The FNM was no doubt referring to the 10-month detention of two Cuban dentists who were recently released from the Detention Centre amid growing bad publicity for the country.

The FNM statement added, “Mr. Gibson was at the dock to grandstand when the immigrants were brought to Nassau but then he claimed that he did not know if any of his immigration officers were with the police on the raid.”

The minister made that claim in an interview with The Bahama Journal on Sunday.

The FNM said, “That is totally unacceptable since Mr. Gibson obviously knew about the raid and we are informed that there were in fact two immigration officers on the mission who refused to participate further, and did not return to Nassau with the police.”

An immigration official confirmed the same to the Bahama Journal.

The FNM said it fully supports the protection of the country’s borders from those who traffic in illegal immigrants, and also fully supports the apprehension and repatriation of all undocumented aliens to their countries of origin.

“But we must remain a humane nation where the rule of law prevails and the strangers within our gates are afforded the protection of that law,” the statement added.
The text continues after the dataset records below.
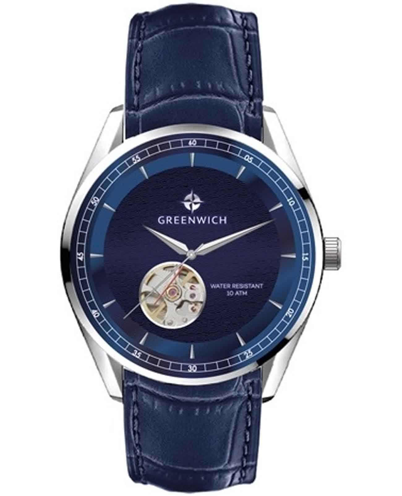 Мужские механические часы с минеральным стекломМинеральное стеклоМинеральное стекло представляет собой искусственно выращенный минерал кварца. Такое стекло отличается особой устойчивостью к повреждениям и царапинам. Уступает по некоторым качествам сапфировому стеклу. Greenwich GW 075.16.36. Корпус часов изготовлен из стали. Класс водозащиты: 100 метров, позволит плавать, нырять и заниматься другими водными видами спорта. Кожаный ремешок на стандартной застёжке.
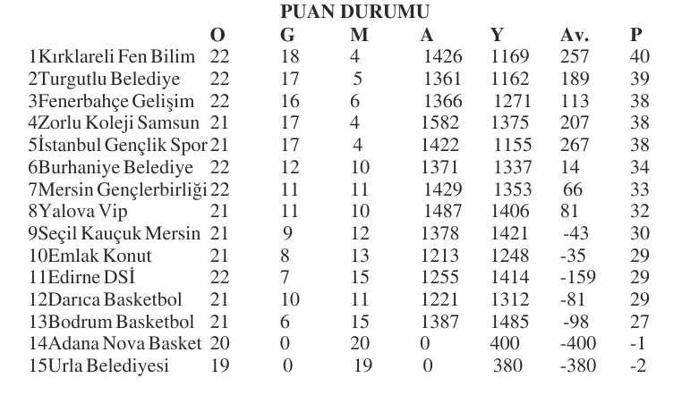 TKBL’DE 23. HAFTA TOPLU SONUÇLAR
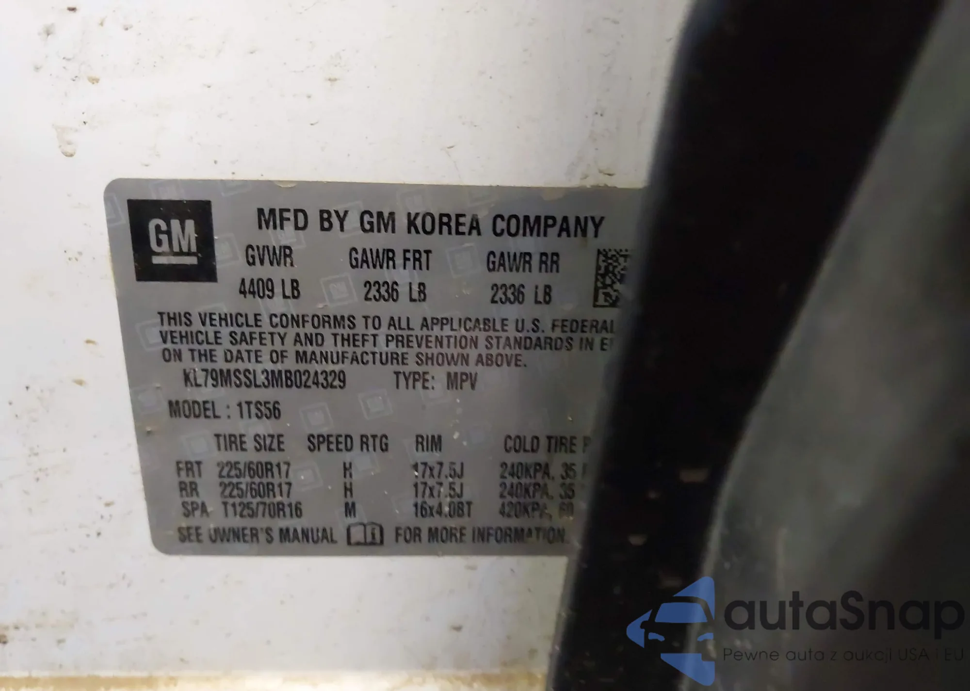 • VIN KL79MSSL3MB024329

“It is an outrage that persons residing legally in the Bahamas – holders of work and residence permits – should be so callously treated. After all, those who enforce the law must also obey the law. This applies equally to the police as it does to the citizen.”
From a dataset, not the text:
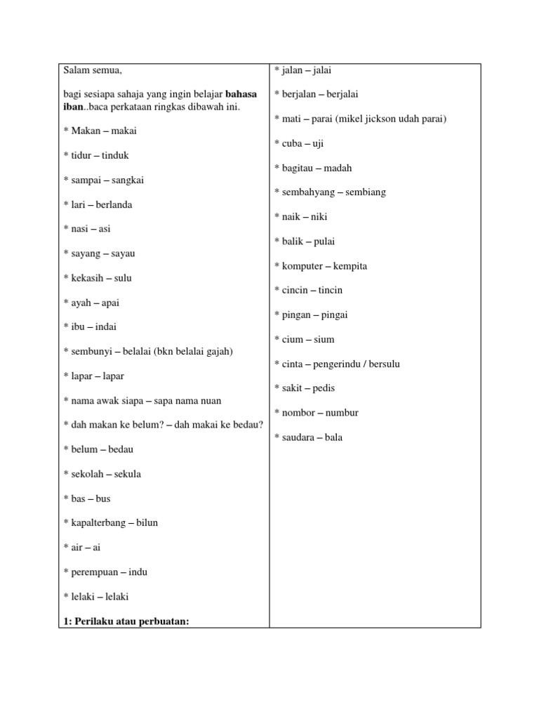 Bahasa Iban Peringkat 1 Nota

Minister Gibson told the Journal on Sunday that there was a concern that some of the documents could have been fraudulent and police were taking no chances.

But the FNM said immigration officers should have been in Eleuthera to determine on the spot that these persons were in possession of legal documentation.

“It was a waste of public resources to transport 166 legal residents to Nassau, but having done so the authorities should have assumed responsibility for getting them back home,” the statement added.

“Minister Gibson did not have to check after the fact to see what had been done before. Common sense should have told him that was the right thing to do.”

The FNM said another regrettable aspect of this “clumsy operation” was that it disrupted the commercial and social life of Eleuthera and was costly for those Bahamians who legally employ the permit holders.

“Because the government may have a problem with corrupt practices and forged immigration documents [it] is no reason to detain without legal reasons, persons in possession of valid immigration documents,” the statement added.

“The FNM recommends that the government should move quickly to introduce machine-readable cards which cannot be easily forged and do away with outmoded paper permits.”